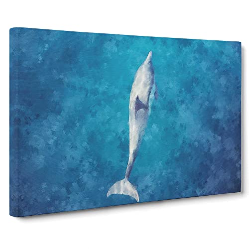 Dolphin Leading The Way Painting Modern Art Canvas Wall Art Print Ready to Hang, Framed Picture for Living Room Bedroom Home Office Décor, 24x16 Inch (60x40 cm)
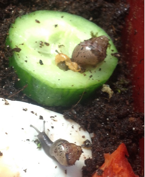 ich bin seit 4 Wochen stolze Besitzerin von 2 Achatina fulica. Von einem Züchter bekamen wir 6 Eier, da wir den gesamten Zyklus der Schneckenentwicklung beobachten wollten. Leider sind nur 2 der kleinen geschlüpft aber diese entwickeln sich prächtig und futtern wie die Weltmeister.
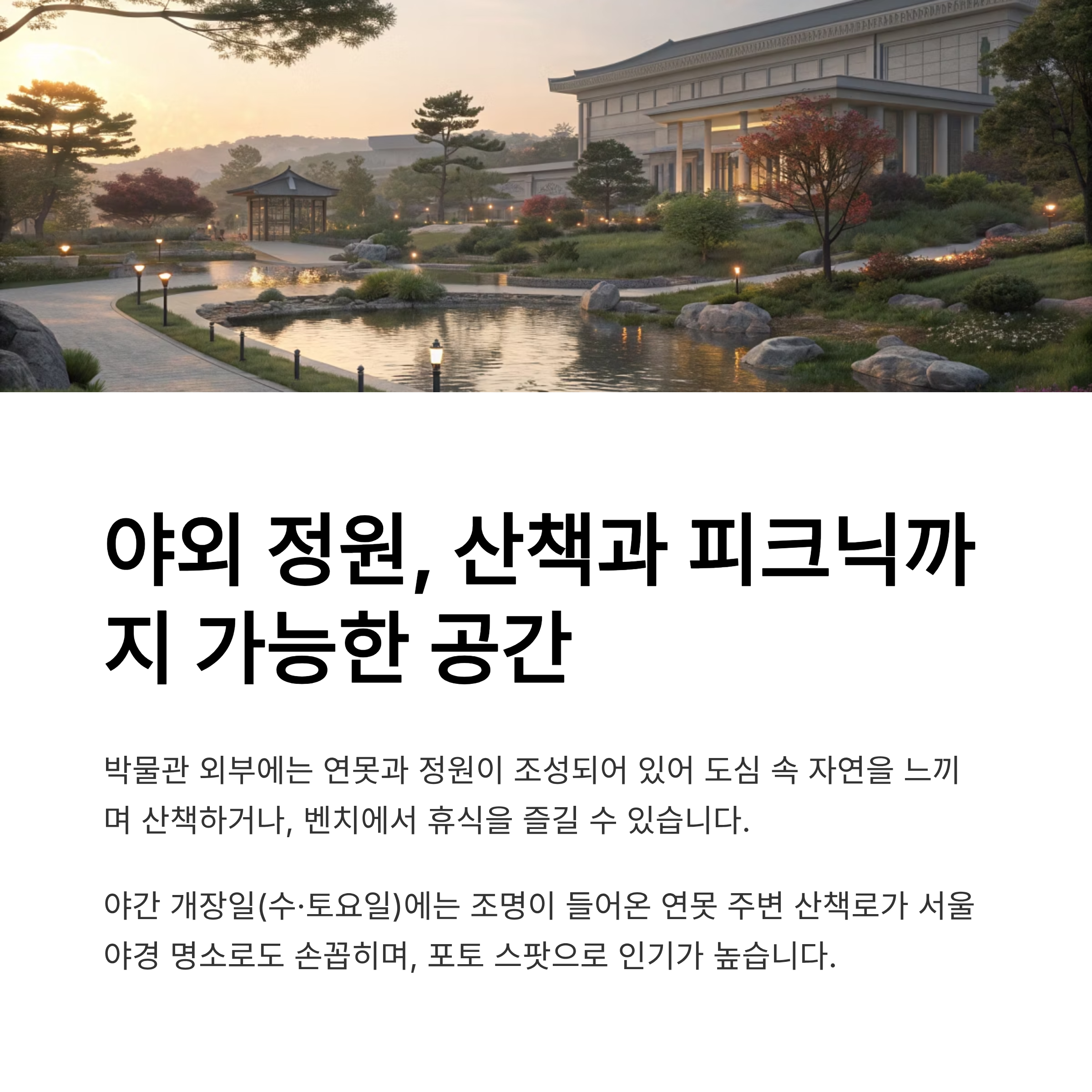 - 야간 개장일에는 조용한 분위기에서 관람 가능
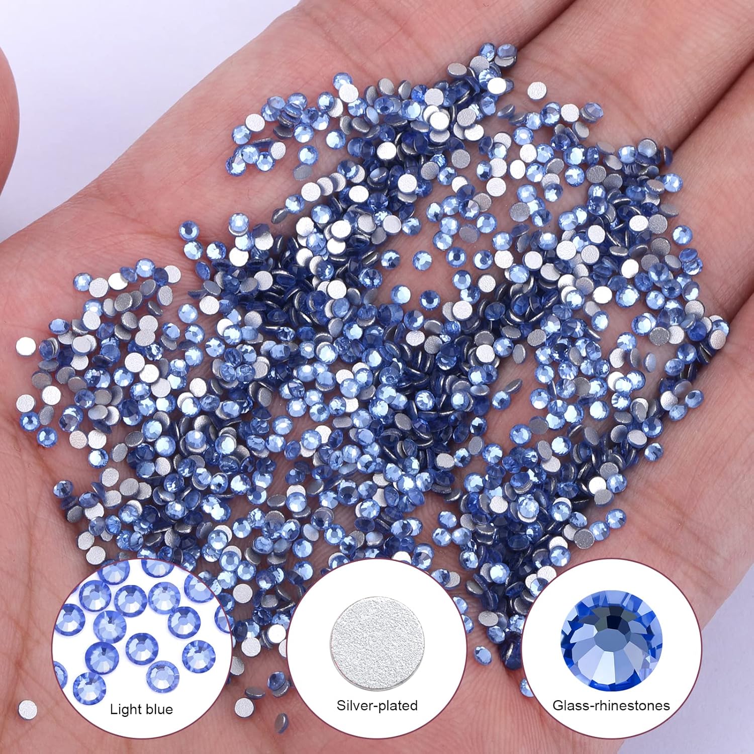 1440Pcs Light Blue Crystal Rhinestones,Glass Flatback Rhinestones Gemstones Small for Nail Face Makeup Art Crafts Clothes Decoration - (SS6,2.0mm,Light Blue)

» Description of the task
Starting at the first line of the listing above, write out each line exactly and nothing else until you reach the line containing "- 야간 개장일에는 조용한 분위기에서 관람 가능", which is included as well; omit all pictures.

» Response to this exercise
 Dolphin Leading The Way Painting Modern Art Canvas Wall Art Print Ready to Hang, Framed Picture for Living Room Bedroom Home Office Décor, 24x16 Inch (60x40 cm)
 ich bin seit 4 Wochen stolze Besitzerin von 2 Achatina fulica. Von einem Züchter bekamen wir 6 Eier, da wir den gesamten Zyklus der Schneckenentwicklung beobachten wollten. Leider sind nur 2 der kleinen geschlüpft aber diese entwickeln sich prächtig und futtern wie die Weltmeister.
 - 야간 개장일에는 조용한 분위기에서 관람 가능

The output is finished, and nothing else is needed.